Question

An alloy contains \[15\% \] zinc, \[25\% \] brass and rest copper. How much copper is there in 75 kg of that alloy?
A.20 kg
B.30 kg
C.45 kg
D.10 kg

Answer 1

Hint: Here in this question, we have to find how much copper present in 75 kg of alloy. To find this first we have find the percent of copper present in alloy by subtracting the percent of zinc and brass from \[100\% \] and convert the resultant percentage term into fraction form and multiply the fraction with \[75\] using the arithmetic operation we get the amount of copper present in alloy.

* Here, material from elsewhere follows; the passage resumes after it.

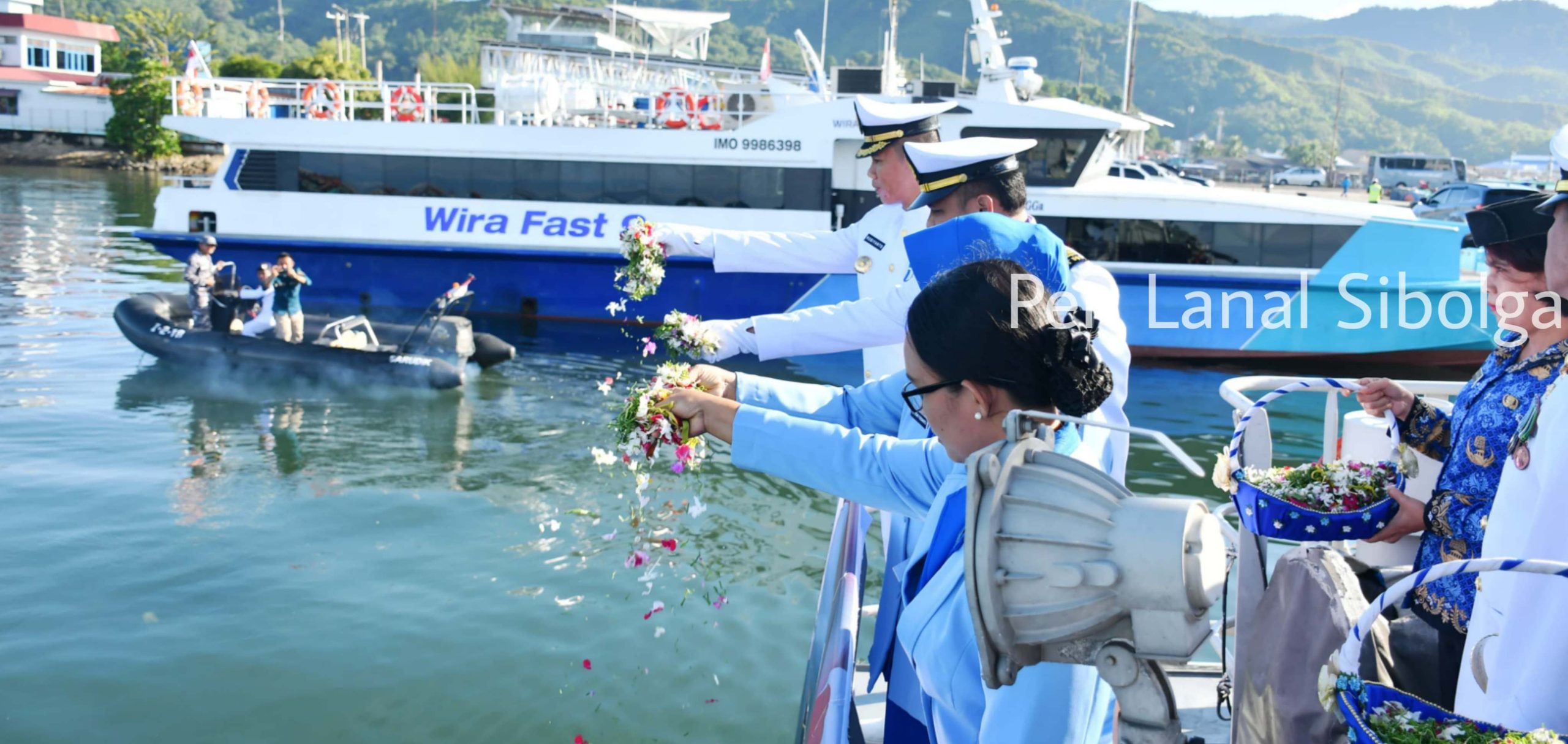 Dalam upacara tersebut, Danlanal Sibolga sempat melarungkan karangan bunga dan melakukan prosesi tabur bunga dari buritan KAL Sarudik 1-2-18 dan diikuti oleh sejumlah perwira Lanal Sibolga yang hadir.

Complete step-by-step answer:
Consider the data in given question
An alloy contains
Zinc: \[15\% \]
Brass: \[25\% \]
Now find the percent of copper present in alloy by subtracting the percent of zinc and brass present in \[100\% \] of alloy i.e.,
\[ \Rightarrow 100\% - 15\% - 25\% \]
On simplification, we get
\[ \Rightarrow 60\% \]
\[\therefore \] \[60\% \] of copper present in alloy.
Now, find the amount of copper present in 75 kg of alloy
Simply, we need to calculate the number \[60\% \] of \[75kg\] for this.
Firstly, we have to write the percentage term i.e., \[60\% \] into the fraction.
Remember that "per" means "divided by", and "cent" means 100, so "percent" means "divided by 100" or "out of 100."
Therefore \[60\% \] can be written as:
\[ \Rightarrow \dfrac{{60}}{{100}}\]
When dealing with percent’s the word "of" means "times" or "to multiply".
Multiply the total weight of alloy i.e., \[75kg\] for the above fraction we have
\[ \Rightarrow \dfrac{{60}}{{100}} \times 75\]
\[ \Rightarrow 0.6 \times 75\]
On simplification, we get
\[ \Rightarrow 45\]
Therefore, 45 kg of copper present in 75 kg of alloy.
Hence, option (C) is correct.
So, the correct answer is “Option C”.

Note: Here the question is related to the percentage. By using the specific methods and rules we can convert the number. As we know that the percentage term is written as \[x\% = \dfrac{x}{{100}}\] , here, marked \[x\] as the total value. Using the simple arithmetic operation i.e., multiplication and division to get the required solution.